German television personality, comedian, actor, and musician

Oliver Michael Dittrich (born 20 November 1956) is a German television personality, comedian, actor, and musician.

== Life ==
Dittrich completed a three year-education as a theatre painter in the Hamburg State Opera (1975–1978). At the same time, he started his professional career as a musician, composer, and songwriter.

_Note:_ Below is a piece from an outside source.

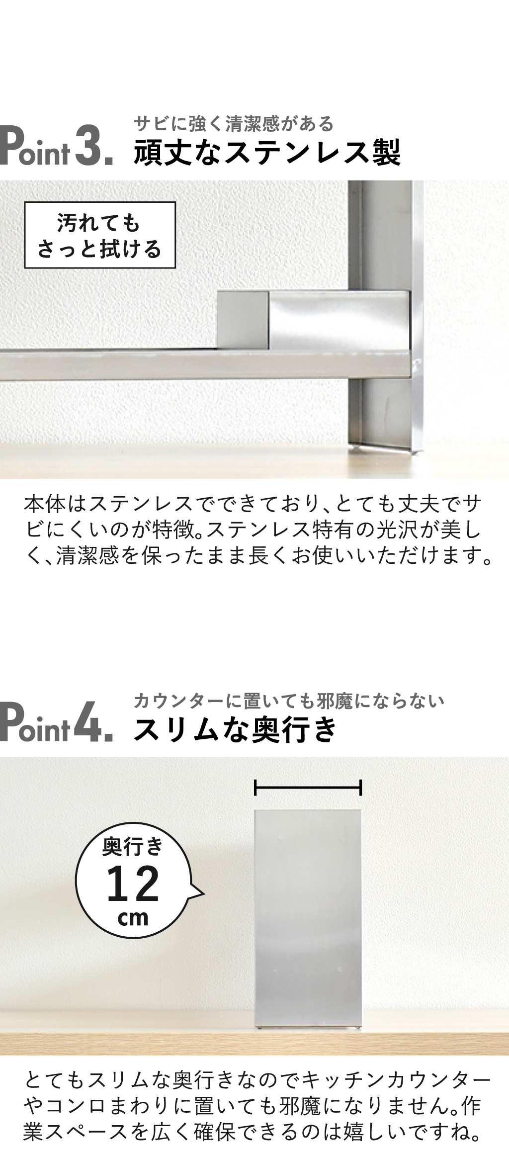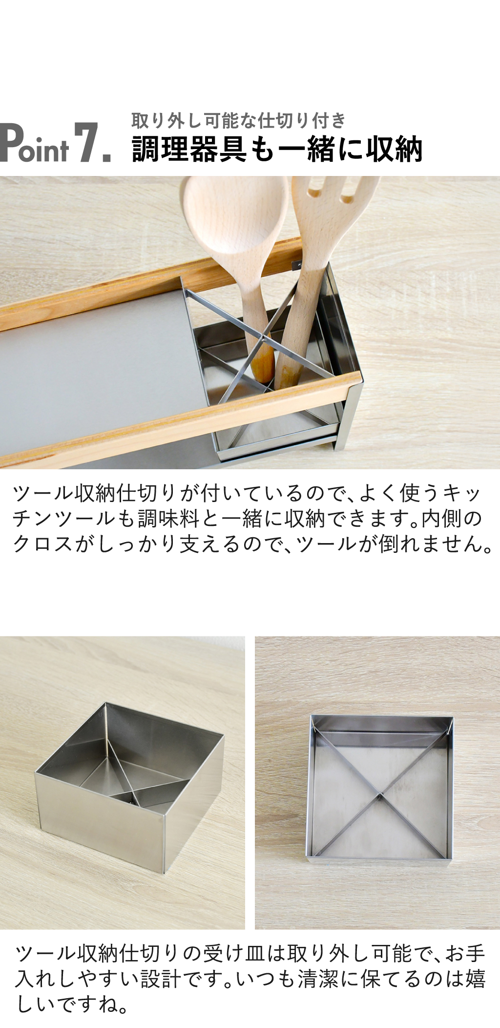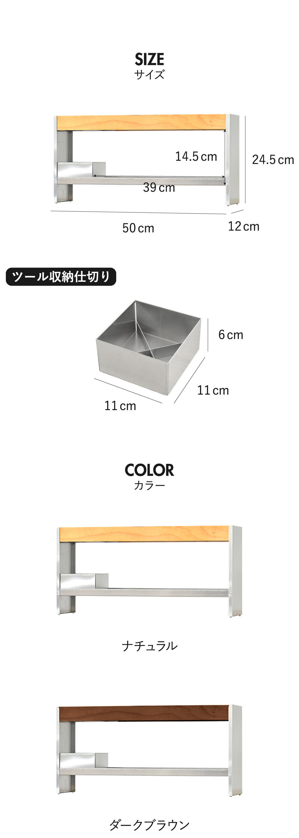 ごちゃつきがちな調味料を一括収納できる、ステンレス製の調味料ラックです。よく使う調味料を置いておくことで、使いたい時にさっと手に取れて、調理がスムーズに。調味料ラックの前面板には、新潟県南魚沼産の天然木を使用しています。木目が美しく温もりを感じさせてくれるから、よりナチュラルな空間を演出。本体は頑丈なステンレス製でサビにくく、長く使えるのが特徴です。奥行き12cmととてもスリムなので、キッチンカウンターに置いても邪魔になりません。ワイドな横幅×2段と収納力も抜群で、使いやすさと整頓を両方実現してくれます。調味料ラックの耐荷重もしっかりしていて、重めなペッパーミルなどの収納にも◎。ツール収納仕切りが付いているので、よく使うキッチンツールも一緒に収納できます。光沢が美しいステンレスと南魚沼産の天然木を組み合わせ、こだわり抜いた安心の日本製です。調味料ラックの色は、ナチュラルとダークブラウンの2色からお選びいただけます。

Dittrich became famous in Germany for his work as an actor and comedian in the comedy television show RTL Samstag Nacht. He appeared in films and TV series but has also performed live on stage. He sang and played in the band Die Doofen with Wigald Boning, which sold over 1,5 mio copies with only two albums. In 1995, the duo started playing as one of the supporting acts with Jon Bon Jovi on his stadium tour through Germany. As a musician, Dittrich plays in the band Texas Lightning, who also had a No. 1 hit ("No No Never") and Top 5 album. The band represented Germany at the Eurovision Song Contest in 2006.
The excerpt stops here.